*Information provided:*
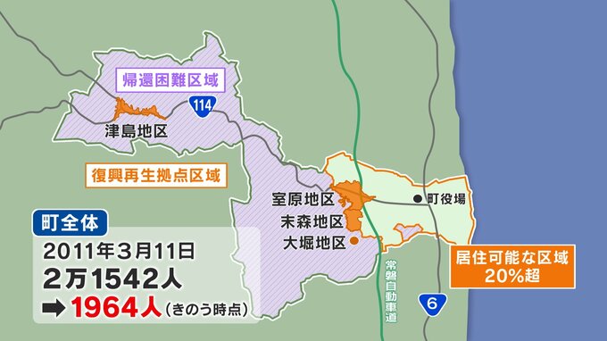 この復興拠点は、町の面積のおよそ3%で、これで町内で居住可能な区域は20%を超えました。一方、いまだ町の80%は帰還困難区域となっています。
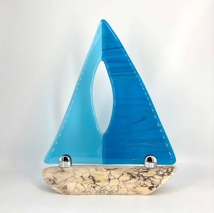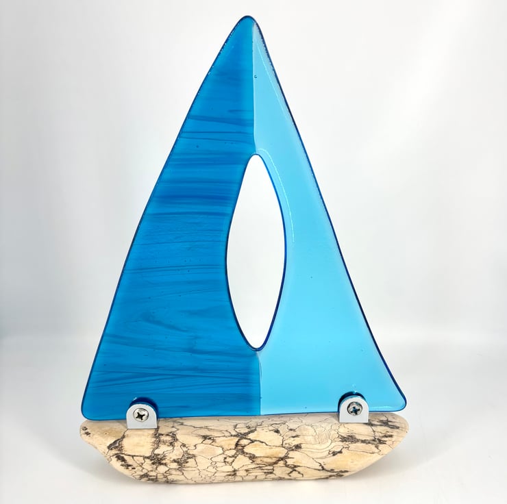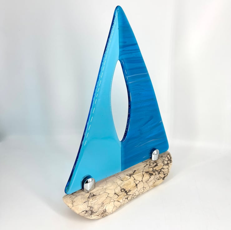 A gorgeous decorative sailing boat. Beautiful light and dark wispy turquoise fused glass sails set 2ith chrome fixings on a gorgeous piece of drift wood which had been washed up on the Devon coast.
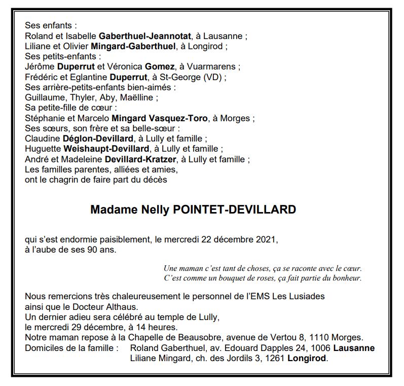 Madame Nelly POINTET-DEVILLARD 01 fév. 1932 - 22 déc. 2021 Avis mortuaire PFG Télecharger PDF Partager sur: Galerie PreviousNext PreviousNext
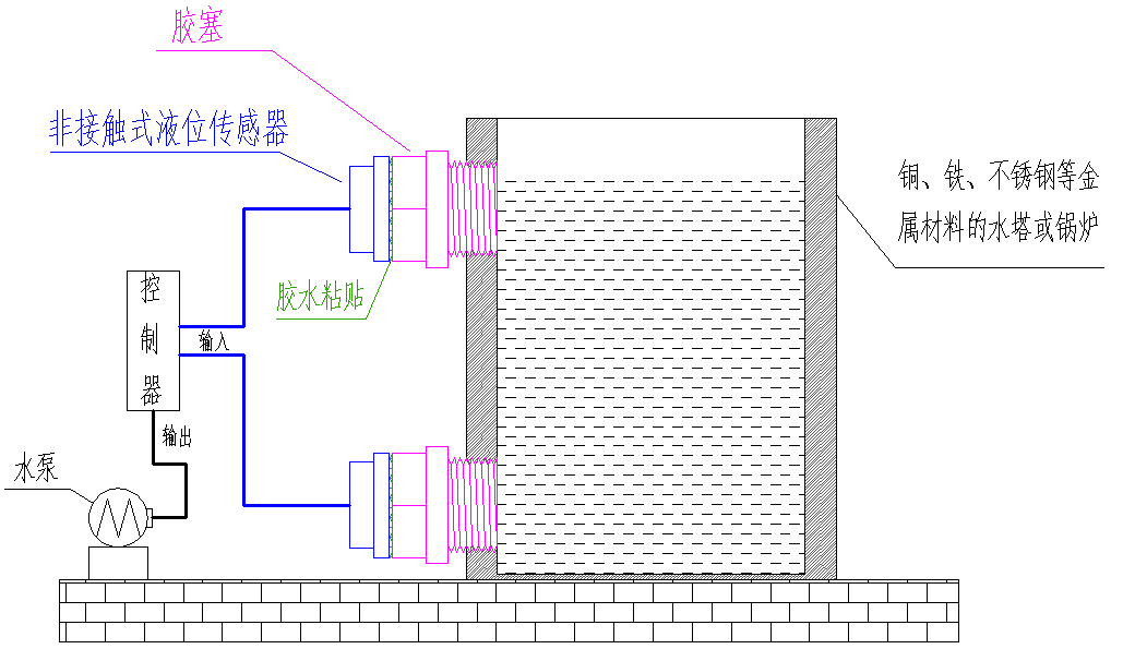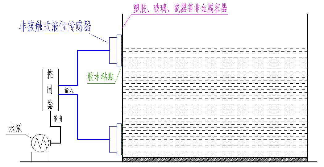 智能型非接触式液位感应器(以下简称液位感应器)采用了先进的信号处理技术及高速信号处理芯片,突破了容器壁厚的影响,实现了对密闭容器内液位高度的真正非接触检测。液位传感器(探头)安装于被测容器外壁的上下方(液位的高位与低位),非金属容器无需对其开孔、安装简易、不影响生产。可实现对高压密闭容器内的各种有毒物质﹑强酸﹑强碱及各种液体的液位进行检测。液位感应器对液体介质和容器的材质无特殊要求,可广泛使用。

*Task statement:* The material above is to be transcribed exactly, with all pictures omitted.

*Result of the exercise:*
 この復興拠点は、町の面積のおよそ3%で、これで町内で居住可能な区域は20%を超えました。一方、いまだ町の80%は帰還困難区域となっています。
 A gorgeous decorative sailing boat. Beautiful light and dark wispy turquoise fused glass sails set 2ith chrome fixings on a gorgeous piece of drift wood which had been washed up on the Devon coast.
 Madame Nelly POINTET-DEVILLARD 01 fév. 1932 - 22 déc. 2021 Avis mortuaire PFG Télecharger PDF Partager sur: Galerie PreviousNext PreviousNext
 智能型非接触式液位感应器(以下简称液位感应器)采用了先进的信号处理技术及高速信号处理芯片,突破了容器壁厚的影响,实现了对密闭容器内液位高度的真正非接触检测。液位传感器(探头)安装于被测容器外壁的上下方(液位的高位与低位),非金属容器无需对其开孔、安装简易、不影响生产。可实现对高压密闭容器内的各种有毒物质﹑强酸﹑强碱及各种液体的液位进行检测。液位感应器对液体介质和容器的材质无特殊要求,可广泛使用。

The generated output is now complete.